PreTeXtBook / pretext

PreTeXt: an authoring and publishing system for scholarly documents
https://pretextbook.org
Other
254 stars 203 forks source link

EPUB: automate cover image #1599

Closed Alex-Jordan closed 2 years ago

Alex-Jordan commented 2 years ago

If you are making EPUB and the publication file has a cover image, no problem.

If it does not have a cover image, now that is also not a problem. With this commit, pretext/pretext will recognize there is no cover image. Then it makes the default KOMA-Script title page as tex -> pdf -> png, and the png goes in as the cover image.

Cover image will display title, subtitle (if present), and list all authors.

Alex-Jordan commented 2 years ago

I just noticed this does not handle math in the title or subtitle. The "m" template in -epub is getting in the way, preventing any math in the book title to be written in the usual way for the KOMA-script title page. Any tips on a good way to deal with that?

Alex-Jordan commented 2 years ago

I may just make a special template for the title and subtitle just for this purpose of making the cover image.

rbeezer commented 2 years ago

I really like the automatically-generated cover page that includes book-specific info!

However, plenty of folks say they don't care about print, and so as use broadens we may not want to assume everybody has LaTeX. I'd rather not have a newcomer try to build EPUB and get "pdflatex not found" as an error message. A key principle is that folks can start quickly and get "good" output with little messing around and as few prerequisites as possible, and it is a bonus if they can see what they want to change and figure out how.

Can we

Alex-Jordan commented 2 years ago

Roger that. I was having difficulty anyway getting support for all of the legal children of "title" as latex-appropriate output with all the html/epub templates.

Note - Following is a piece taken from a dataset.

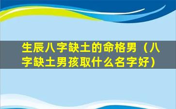 生 🐈 辰八字五行缺土的命格男孩子

I can still make a cover with book-specific info that does not use LaTeX. I can get python to make a png that shows the title, subtitle, and author. It will not be as pretty as the curated KOMA title page of course. And it will probably only have text() children of the title; math and other things in a title would be hard.

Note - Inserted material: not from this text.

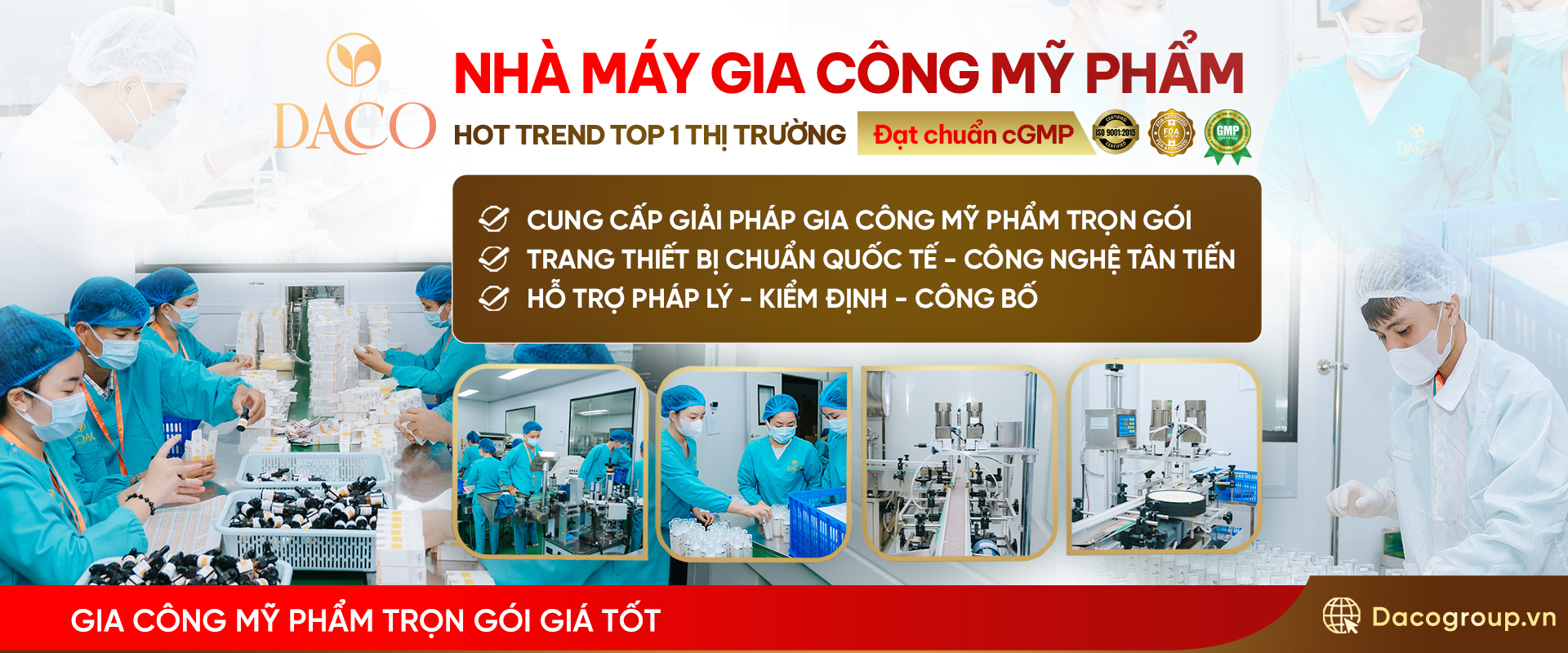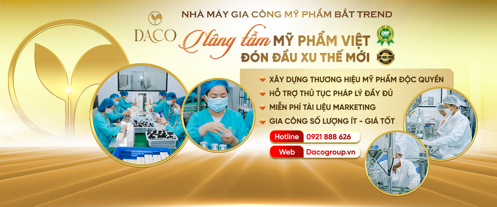 Nhà máy sản xuất mỹ phẩm DACO được công nhận đạt chuẩn cGMP và luôn nằm trong top đầu các nhà máy gia công chất lượng cao trên thị trường. Chúng tôi hướng đến các dòng mỹ phẩm dưỡng da và đặc trị chuyên sâu với mục tiêu mang đến sản phẩm có tính hiệu quả cao và an toàn tuyệt đối cho da.

So if it's between a generic simple image and an imperfect png like described above, do you still prefer the generic simple image?

rbeezer commented 2 years ago

So if it's between a generic simple image and an imperfect png like described above, do you still prefer the generic simple image?

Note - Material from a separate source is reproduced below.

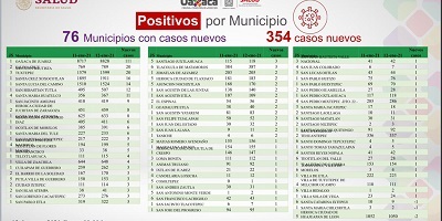 En cuanto a los municipios que reportaron nuevos contagios, dijo que en primer lugar se encuentra Oaxaca de Juárez con 111 casos, Salina Cruz y San Juan Bautista Tuxtepec ambos con 20, Santa Cruz Xoxocotlán con 16, Santa Lucía del Camino con 14, San Sebastián Tutla con 12 y Santa María Huatulco con 11, por mencionar algunos.

I prefer the no-LaTeX-prerequisite. Math (and other stuff) in a book title seems like a bad idea to me. Not that it doesn't happen. But for a no-effort cover, or for a newbie, something possibly imperfect, but totally easy/transparent, seems the best route.

You could save the automatic KOMA-Script cover for another PR if you'd like to get this one out of your hair.

I'm curious to see Python make a PNG cover!

Alex-Jordan commented 2 years ago

Force pushed.

Now when the publisher does not provide a cover image file, python/python creates one as a png image. It has title, subtitle, author. Some aspects are less than ideal, as described in the comment block where the image is being constructed.

Here is an example:

https://spot.pcc.edu/~ajordan/temp/supplement111-112.epub

One possible concern is that I needed to pick fonts and I went with "Arial.ttf" and "Arial Bold.ttf". I couldn't tell where to look for fonts that I could be pretty sure are present by defaults on all/most systems.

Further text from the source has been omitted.